Realistically, it depends on the price point/time interval. A week seems like a really small time span for a subscription and as a lot of people have pointed out, subscriptions are generally automated memberships.
That being said, I don’t think this idea is without merit. I feel like little ‘combo packs’ for like $5 that gave you say 100 Hero Points, 2000 ISO-8, 3 Rainbow Boosts, and 1 Heroic Token are something that would be a worthwhile investment. Scale them up as the price point increases; $10 could net you say 250 Hero Points, 5000 ISO-8, 3 Rainbow Boosts, 1 Damage Boost, and a token that would give a 3* or better. $25 could give you 750 Hero Points, 100000 ISO-8, 6 Rainbow Boosts, 3 Damage Boosts, and a 4* cover. (These are just random metrics, I’m not claiming these are necessarily worth the price point.)
If they wanted to go with an actual subscription model though, it would have to be something reasonable. I’ll use a game I used to play a lot as an example. The game was called Triple Triad Extreme (Dark Winds in earlier iterations) and we had four “Memberships”; Gold, Platinum, Diamond, and Power User. We also had two forms of currency (GP/Gold, AP/Silver) and “Tokens” (which were exchangeable for cards). The way it worked was each membership gave you; /x/ amounts of Tokens, /x/ amount of AP, /x/ amount of Gold, %/x/ increase in Gold income, %/x/ amount of EXP income. They cost $5, $10, $15, and $20 dollars respectively.

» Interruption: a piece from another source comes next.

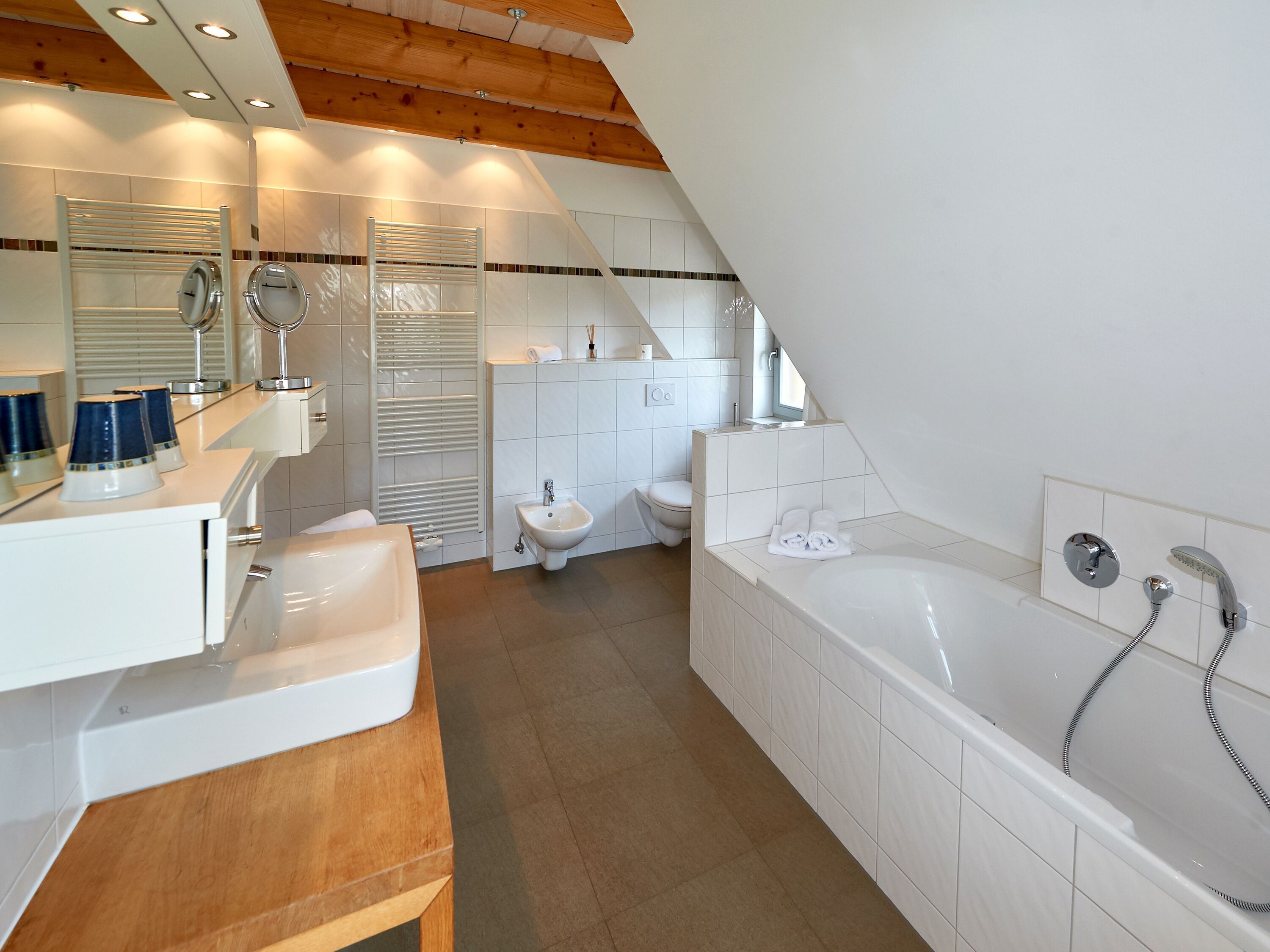 Im mit Laminat ausgelegten Obergeschoss befindet sich das große Schlafzimmer mit zwei Einzelbetten, die zu einem Doppelbett (200 x 200 cm) zusammen gestellt wurden. Ein Flachbild-TV, ein großer Kleiderschrank sowie das angrenzende großzügige Badezimmer mit Dusche, WC, Bidet, Handtuchheizung, Badewanne und mit einem schönen Blick zur Having gehören ebenfalls dazu.

Spoiler is a break down of the rewards.

A card pack cost about 1200 Gold on average, so even with five dollars, you got at least two packs right from the get go. That felt good. Tokens could effectively get you any card in the game - and yes, you could cherry pick. 1 Token could get you any card from Level 1 to Level 7 (which were the “average” cards"), 2 Tokens could get you any Level 8 or Level 9 (“above average”), 3 Tokens could get you any Level Ten (“best”), and then 4 tokens could get you special Token-only cards that were a small cut above normal level tens (but not game breaking). So if you really wanted a card or you only needed specific cards to finish a deck, you could just give the RNG the finger and grab it or opt to get a neat SE/EC like Triforce that was a cut above the rest of the card collection. It felt not only rewarding instantly, but it felt like it was worth the money. Everything about it was notable (except AP, but that was because AP itself wasn’t notable). You noticed the increased gold and exp gains. Some of us even charted it at one point and were flabbergasted. Keeping in mine Triple Triad is a game placed on a 3x3 board. A match takes a couple minutes, so that percentile added up ridiculously fast.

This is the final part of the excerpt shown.